● What you are asked to do:
If pictures are present, leave them out, and copy the data word for word.
╭─ Provided material
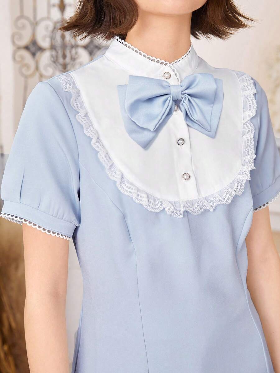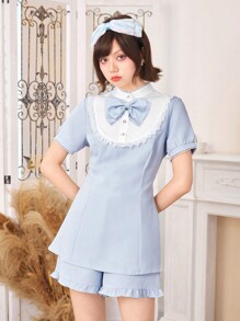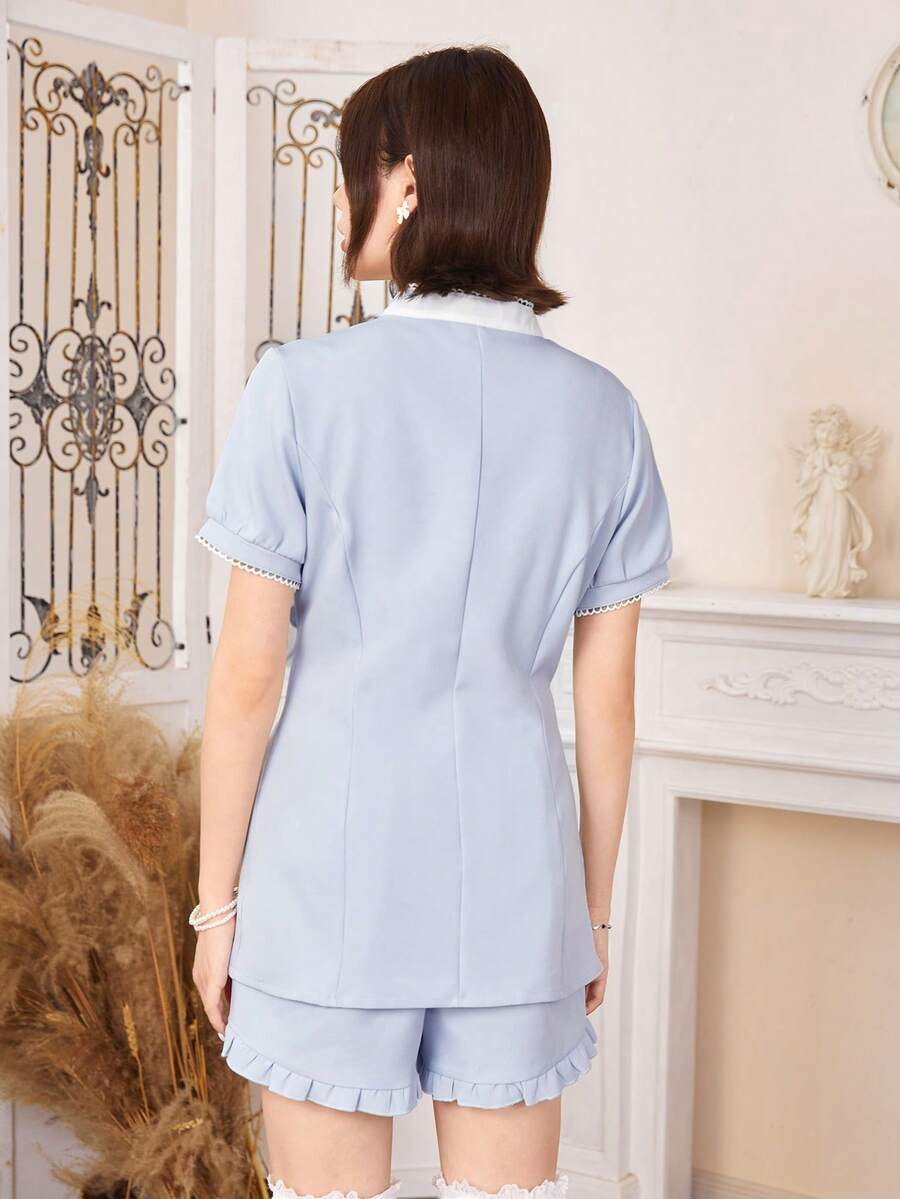 Kawaii Contrast Lace Button Front Blouse & Shorts
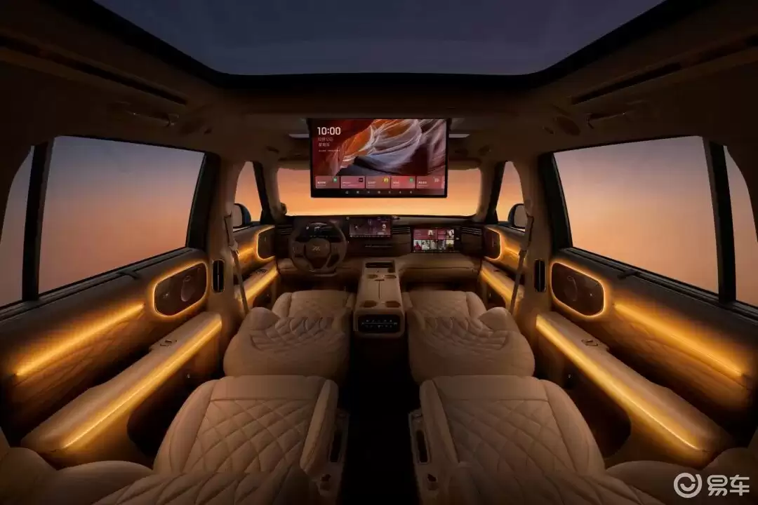 内饰融合科技感与实用主义,27.1英寸双联屏与15.6英寸3K MiniLED副驾娱乐屏共同构筑沉浸式交互空间,空调出风口与中控台一体化设计提升整体质感。中央扶手区集成无线充电模块与杯架,下方悬浮式储物空间可轻松容纳随身物品。配置方面,车载冰箱、4D机械按摩座椅、B&O音响系统、520线激光雷达及英伟达Thor芯片等装备均达到行业领先水准。
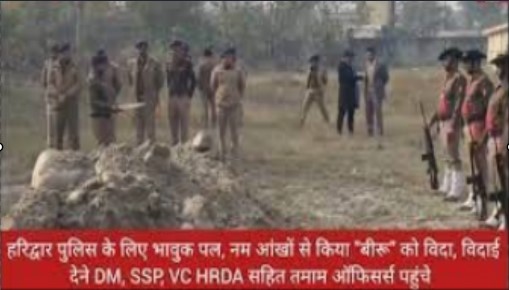 17.5 वर्ष पुलिस विभाग में निरंतर सेवा देने वाले बीरू को राजकीय सम्मान के साथ दी गई विदाई। कनखल बैरागी कैंप में आयोजित बीरू की अन्तिम यात्रा में जिलाधिकारी हरिद्वार धीराज सिंह गर्ब्याल, एस.एस.पी. प्रमेन्द्र डोबाल व वीसी एचआरडीए अंशुल कुमार एवं अन्य पुलिस ऑफिसर्स भी सम्मिलित हुए ।
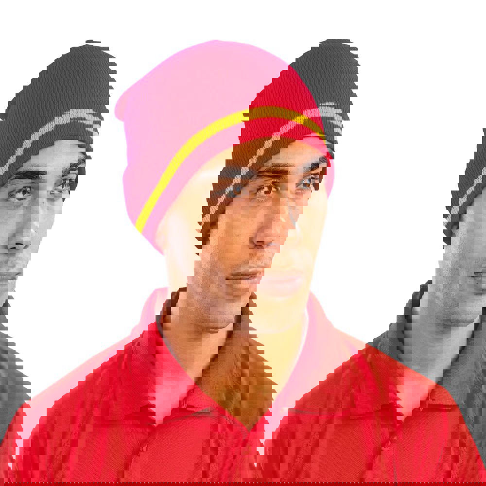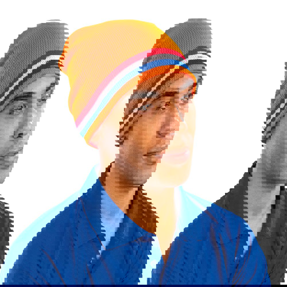 100% acrilico. Maglia spessa a righe all'esterno e in tinta unita all'interno. Estremamente caldo. more
╰─
● Reply to the task:
 Kawaii Contrast Lace Button Front Blouse & Shorts
 内饰融合科技感与实用主义,27.1英寸双联屏与15.6英寸3K MiniLED副驾娱乐屏共同构筑沉浸式交互空间,空调出风口与中控台一体化设计提升整体质感。中央扶手区集成无线充电模块与杯架,下方悬浮式储物空间可轻松容纳随身物品。配置方面,车载冰箱、4D机械按摩座椅、B&O音响系统、520线激光雷达及英伟达Thor芯片等装备均达到行业领先水准。
 17.5 वर्ष पुलिस विभाग में निरंतर सेवा देने वाले बीरू को राजकीय सम्मान के साथ दी गई विदाई। कनखल बैरागी कैंप में आयोजित बीरू की अन्तिम यात्रा में जिलाधिकारी हरिद्वार धीराज सिंह गर्ब्याल, एस.एस.पी. प्रमेन्द्र डोबाल व वीसी एचआरडीए अंशुल कुमार एवं अन्य पुलिस ऑफिसर्स भी सम्मिलित हुए ।
 100% acrilico. Maglia spessa a righe all'esterno e in tinta unita all'interno. Estremamente caldo. more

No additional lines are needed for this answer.